Sometimes when I post on a blog, update a Facebook status or reply to a work email, I realize -- it's Saturday night and I shouldn't be doing those things, I should be out having fun.

Even though it's been probably a LONG time since I had an active social life on weekends, I still think I should have one. I should be listening to live music, enjoying cool coffee houses, staying out too late with friends, dancing. I should be OUT.

I don't know why I think I should be out having fun on weekends. I'm content having fun in my house, doing the things I don't have time for during the week.

Times change and I know that there's a possibility that weekend evenings may once again become more lively. I remember calling my brother who was in high school and at home at around 11 p.m. l. "Where's Mom and Dad?" I asked.

He responded with irritation, "I don't know. They went out and I have no idea when they are coming back." My parents, probably only in their 40s, were out acting like kids--listening to live music and drinking and out late. It was ironic they were out having fun and my high school aged brother was home waiting impatiently for a loved one to return home.

So I have hope.

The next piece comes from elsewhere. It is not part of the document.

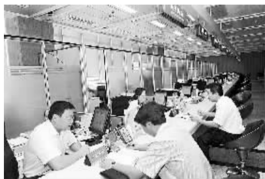
理审批手续。外资企业在青岛商务局办

“我们相信在青岛市政府的关心和支持下，企业一定会得到更好的发展。我们的目标是2020年青岛永旺在山东省内建立150家购物中心、综合百货和生鲜超市店铺永旺。”

But I'll be in my 50s when my kids are in their teens. Hope I have the energy.

Thankful

My favorite Thanksgiving tradition is going around the table and hearing everyone tell what they're thankful for. It's where personality comes out -- humor, shyness, always know what to say, sweetness, priorities. It's how we announced my son's conception. I'll never forget the whoop of joy. It's a tradition that encourages us all to remember why we're gathered at the table in the first place.

It's not because mashed potatoes are awesome and Mom's pumpkin pie will follow.

We're gathered for thankfulness.

This year, what I'm thankful for:
  • My family, especially my children. I love the grown-ups in my life, but my children make life extra sweet.
  • My job.
  • Friends who are available in person, by phone, through blogging and Twitter, email and Facebook. It feels weird saying that, but it's true.
  • A warm place to sleep and to house my children.
I'm thankful that even if the "what if"s of life seem big sometimes, there is always faith, hope and love -- they are the simple engine that keeps life moving forward.

Wordless Wednesday

The baby's fingers were taken off by a dog or a scissors, I don't remember how. Recently, I found the baby while cleaning, it was tucked away.





I watched her reaction like an anthropologist/sociologist. How will a young child react? Will her own finger injury impact how she responds?

Compassion, fear, concern

It's hard for her to look away.

Does she remember how her finger was hurt? She insists on a Band-Aid.